**** Extracted records ****

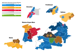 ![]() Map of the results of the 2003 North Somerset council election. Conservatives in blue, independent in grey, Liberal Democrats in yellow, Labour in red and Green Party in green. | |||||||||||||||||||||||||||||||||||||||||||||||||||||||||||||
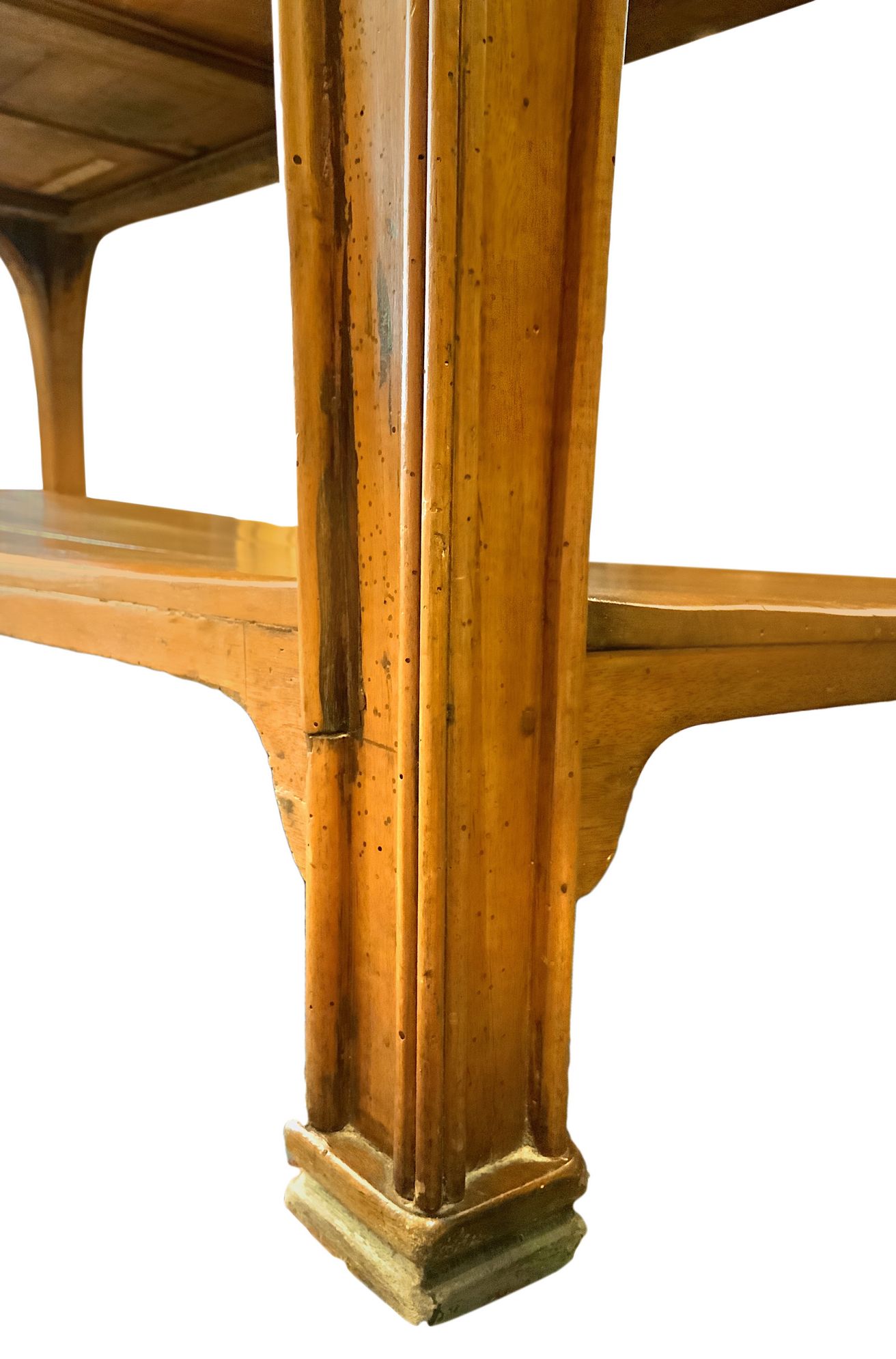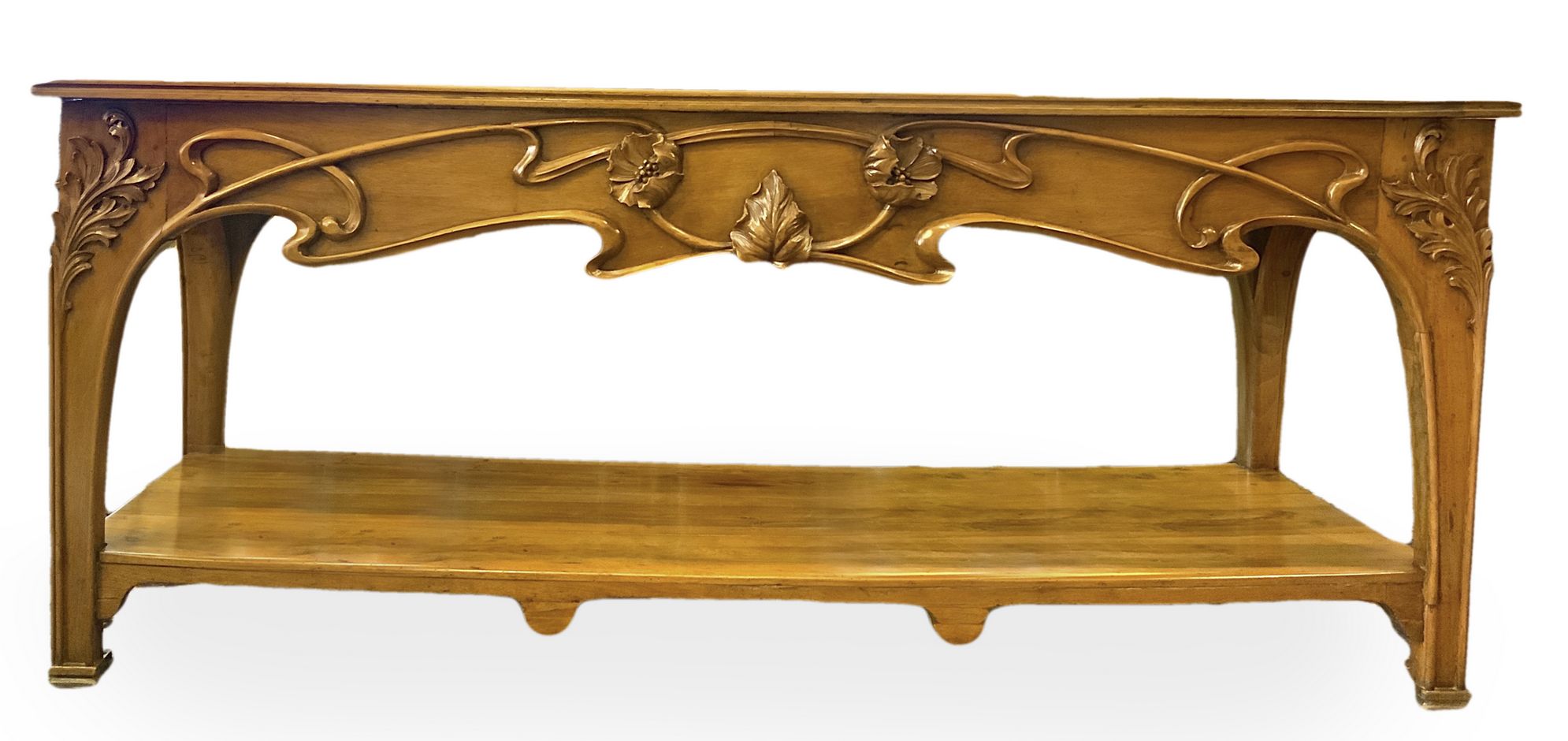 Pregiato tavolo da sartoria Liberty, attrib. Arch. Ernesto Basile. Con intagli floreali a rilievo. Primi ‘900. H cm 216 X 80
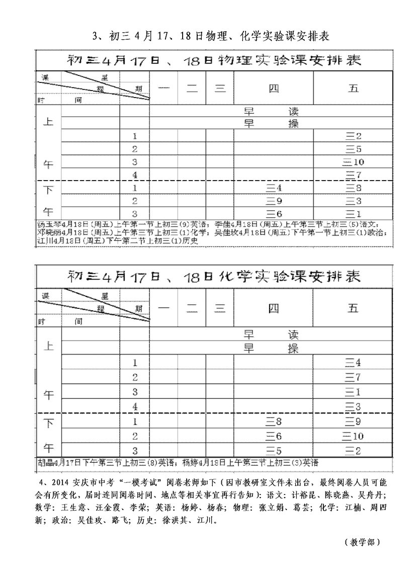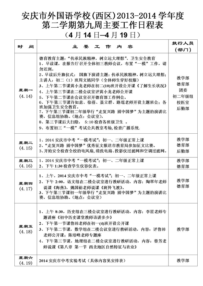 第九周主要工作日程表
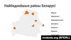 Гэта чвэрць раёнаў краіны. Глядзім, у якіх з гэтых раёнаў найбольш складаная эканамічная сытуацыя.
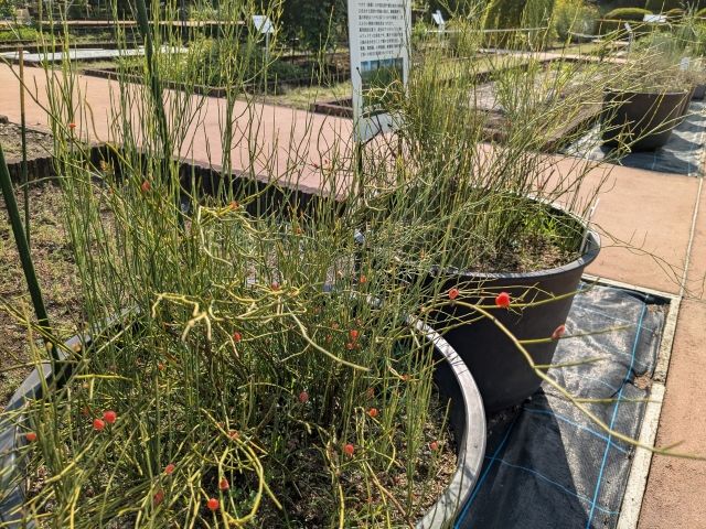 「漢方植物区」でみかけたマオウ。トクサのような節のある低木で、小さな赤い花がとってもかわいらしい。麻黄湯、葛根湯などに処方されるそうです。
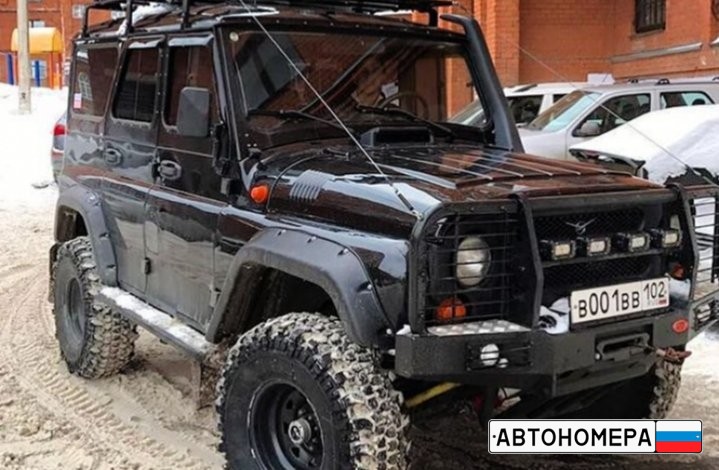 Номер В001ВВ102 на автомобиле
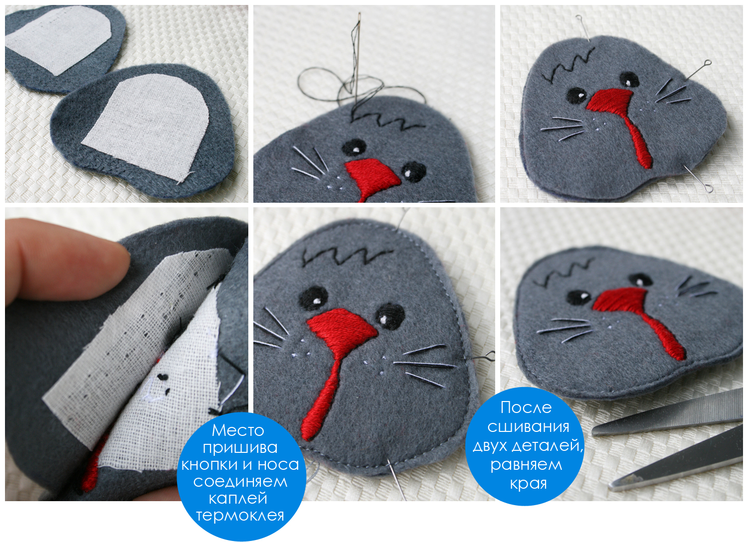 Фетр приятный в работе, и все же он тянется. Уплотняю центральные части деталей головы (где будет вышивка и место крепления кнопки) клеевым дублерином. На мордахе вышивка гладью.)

****
**** Extracted records ****

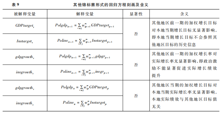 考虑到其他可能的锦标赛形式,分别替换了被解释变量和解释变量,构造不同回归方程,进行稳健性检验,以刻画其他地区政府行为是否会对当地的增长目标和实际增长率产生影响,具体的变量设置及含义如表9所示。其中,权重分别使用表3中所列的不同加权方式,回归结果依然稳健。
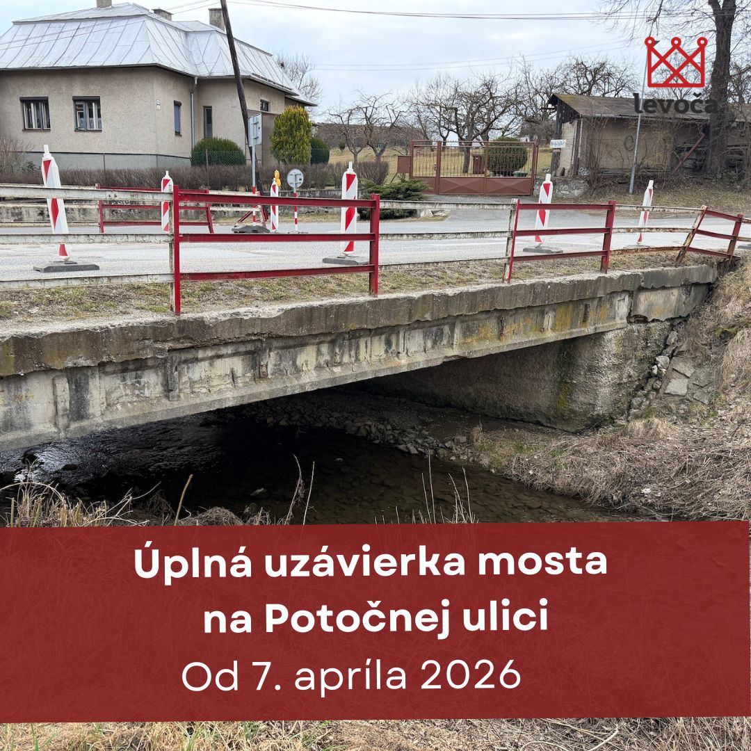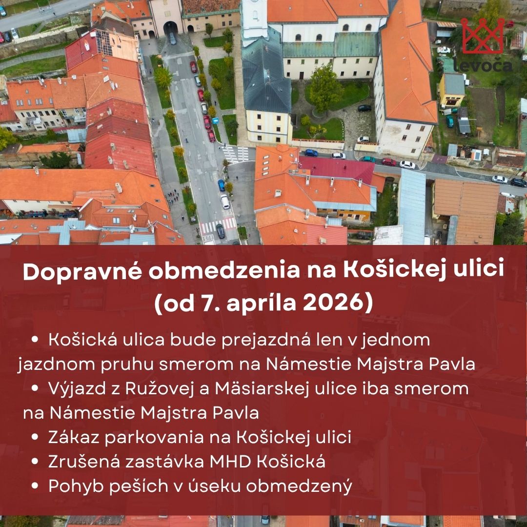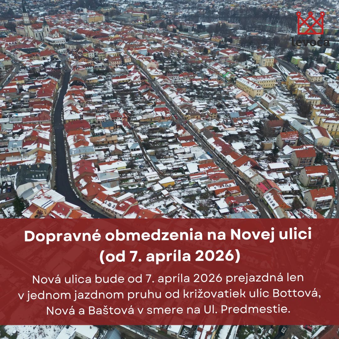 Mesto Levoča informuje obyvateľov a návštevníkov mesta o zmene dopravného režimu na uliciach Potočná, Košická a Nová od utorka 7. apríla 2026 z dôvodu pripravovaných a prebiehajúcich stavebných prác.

****

Exercise requirements >>
Your answer is the exact run of lines above from the one with "of the results" through the one with "Pregiato tavolo da", both ends included, minus any picture.

Result >>
 ![]() Map of the results of the 2003 North Somerset council election. Conservatives in blue, independent in grey, Liberal Democrats in yellow, Labour in red and Green Party in green. | |||||||||||||||||||||||||||||||||||||||||||||||||||||||||||||
 Pregiato tavolo da sartoria Liberty, attrib. Arch. Ernesto Basile. Con intagli floreali a rilievo. Primi ‘900. H cm 216 X 80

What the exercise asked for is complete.